Что касается биоморфности… У человека ведь есть свой масштаб. Когда вы попадаете в лес, вас окружают высокие, прямые стволы, и вы понимаете, почему человек всегда стремился к этим колоннам. Мы ходим по лесу – там ели, погнутые березы, как арки. Все это – язык ордерной архитектуры, сомасштабной, родственной человеку. Ордер (тип архитектурной композиции с использованием вертикальных и горизонтальных элементов – ред.) прошел через всю историю архитектуры, а сейчас архитекторы говорят: нет, это архаично. А на самом деле никуда вы от этого не уйдете, потому что, если вы попадаете в лес, вы не превращаетесь в муравья, который ползет по шишке. А вот произведение Фостера в Лондоне (40-этажный небоскреб 30 St Mary Axe архитектора Нормана Фостера – ред.) – это как раз шишечная тема. Но это не архитектура человека. Муравейник – очень красивая форма, обтекаемая. Но мы же не муравьи!
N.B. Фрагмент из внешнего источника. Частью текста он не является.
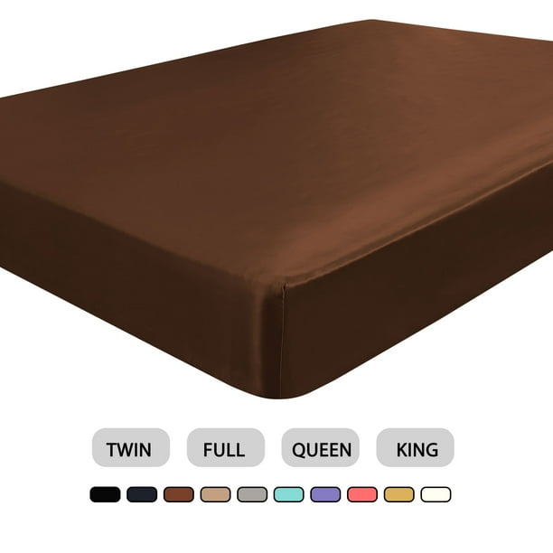 Satin Silk Fitted Sheet 12 Large Pocket Bottom Sheet Queen Brown

- Таких объектов, как лондонский небоскреб Фостера, все равно не может быть много.

 

- Их уже достаточно много. Кроме того, это тренд: именно такая форма, такое отношение к архитектуре – уподобление ее каким-то живым организмам. В Новосибирске недавно тоже появился дом, похожий на кокон, - и все счастливы. Вот пример того, как до нас докатываются тренды. Или, например, мне также не очень понятен тренд с таким домиком, который кочует сейчас из проекта в проект, из конкурса в конкурс: повторяется эта простая форма, и все, кто мог, ее продолжают делать. Вот этот домик – это ноль архитектуры, как "Черный квадрат" Малевича – ноль цвета.

 

 

 

Но Малевич, выявив свой ноль, тут же начал строить новое искусство, новую живопись. А в случае с нашим домиком нолем архитектуры заполняется все подряд. Как результат – ощущение пустоты, того, что люди просто боятся создать архитектуру, наполненную смыслом.
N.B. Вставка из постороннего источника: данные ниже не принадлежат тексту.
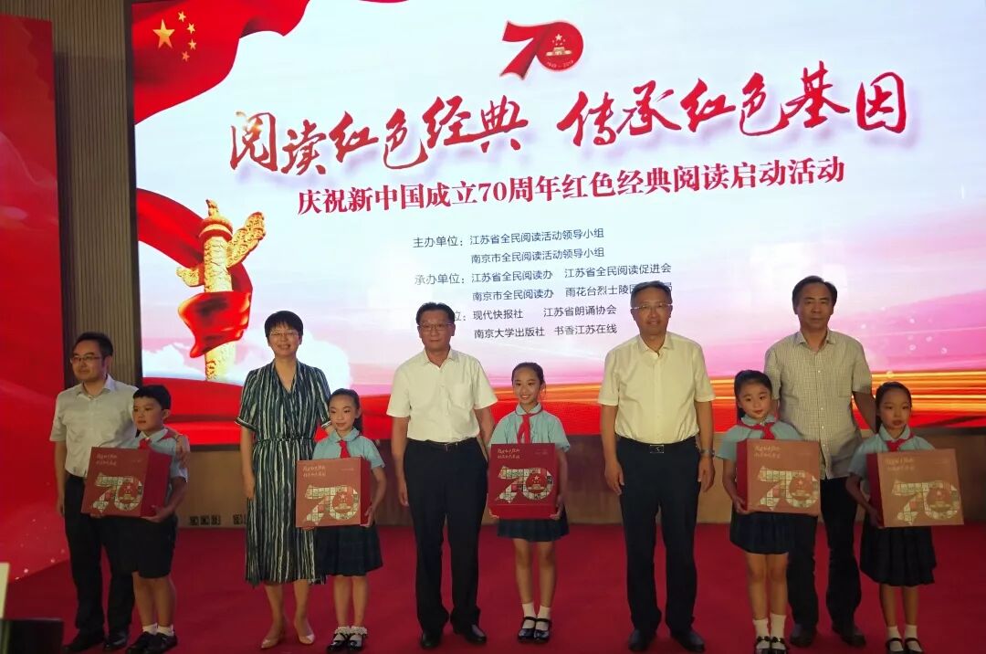 活动现场,江苏省全民阅读活动领导小组发布“庆祝新中国成立70周年红色经典阅读活动荐读书单”,共有特别推荐、党史国史军史、新中国成就、英模人物、红色文学、少儿读物等6个类别70种图书,包括《习近平的七年知青岁月》《习近平在正定》《习近平讲故事(少年版)》《红岩》《初心永恒:江苏四种革命精神简明读本》等。

Между тем, есть очень много в нашем наследии и в современности интересного, что может стать основой архитектуры. Но мы видим сейчас очень сильную зависимость от западной архитектуры. Смотреть на запад нужно, но как на пример того, как у них организовано проектирование, строительный менеджмент, какие-то элементы профессионального образования. А не брать европейский или японский журнал и "слизывать" картинку или концепцию.
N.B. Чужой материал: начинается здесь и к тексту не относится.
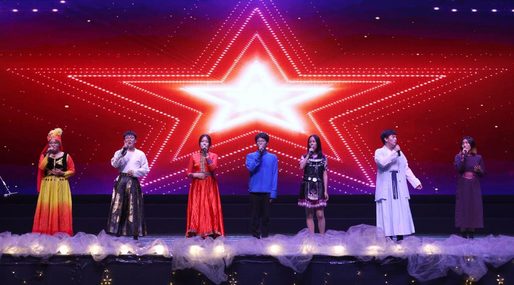 “赞歌颂党恩 唱响新时代”活动获得一等奖的工商管理教工党支部演唱了歌曲《春天的故事》、赞歌活动优胜代表演唱了歌曲《强国一代有我在》、企业家辅导员主席团副主席陈志荣和艺术团主持部同学带来了朗诵《百年峥嵘》、少数民族学生带来了乐器合唱《我和我的祖国》,庆祝建党100周年的同时,也表达了青年一代生逢盛世、矢志奋斗的决心与担当。第二篇章“毕业不散场”中,李易谦、闫亦伟、李明泽、许豪、孙琪带来的《歌曲串烧——话年少》,成人片
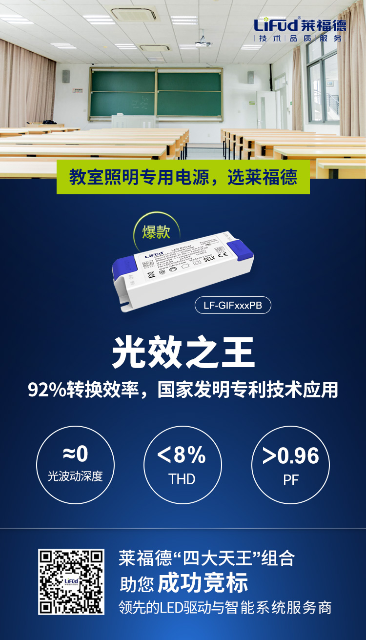 LF-GIFxxxPB作為萊福德專為非智能教室照明改造打造的新品,PB系列擁有極高的轉轉換效率,優異的THD、PF值,是有嚴苛改造要求的教室照明項目首選產品。

- А вам не кажется, что лучше, чем отталкиваться от своей оставшейся в прошлом традиции, отталкиваться от этих западных наработок, от этого уровня?

- Мы все это должны, естественно, учитывать. Но нужно ощутить в себе способность сделать что-то свое. Вот скандинавская архитектура - предельно проста, лаконична, она очень отвечает менталитету скандинавских народов. Но она появилась не на пустом месте. И она не взята из немецких журналов. Она подобна тому, что делается в Европе, но она другая. Или японская архитектура – один Андо чего стоит (Тадао Андо, японский архитектор, лауреат Притцкеровской премии – ред.). А Кэндзо Тангэ (также лауреат Притцкеровской премии – ред.) просто брал традиционные японские храмовые комплексы и по-новому их осмысливал.

 

Нам надо найти в себе силы и, главное, понимание, что в русской избе вместо печи нельзя поставить масляный обогреватель. В Аргентине, в центре Буэнос-Айреса, есть район, который мне очень напомнил район Остоженки. Там выставлены достижения западной архитектуры, довольно вторичные. Все это напоминает наши попытки "сделать как в Европе". Но мы должны понимать, что если мы будем подражать Европе, мы не станем Европой – мы станем Аргентиной.

- Что нужно делать, по-вашему?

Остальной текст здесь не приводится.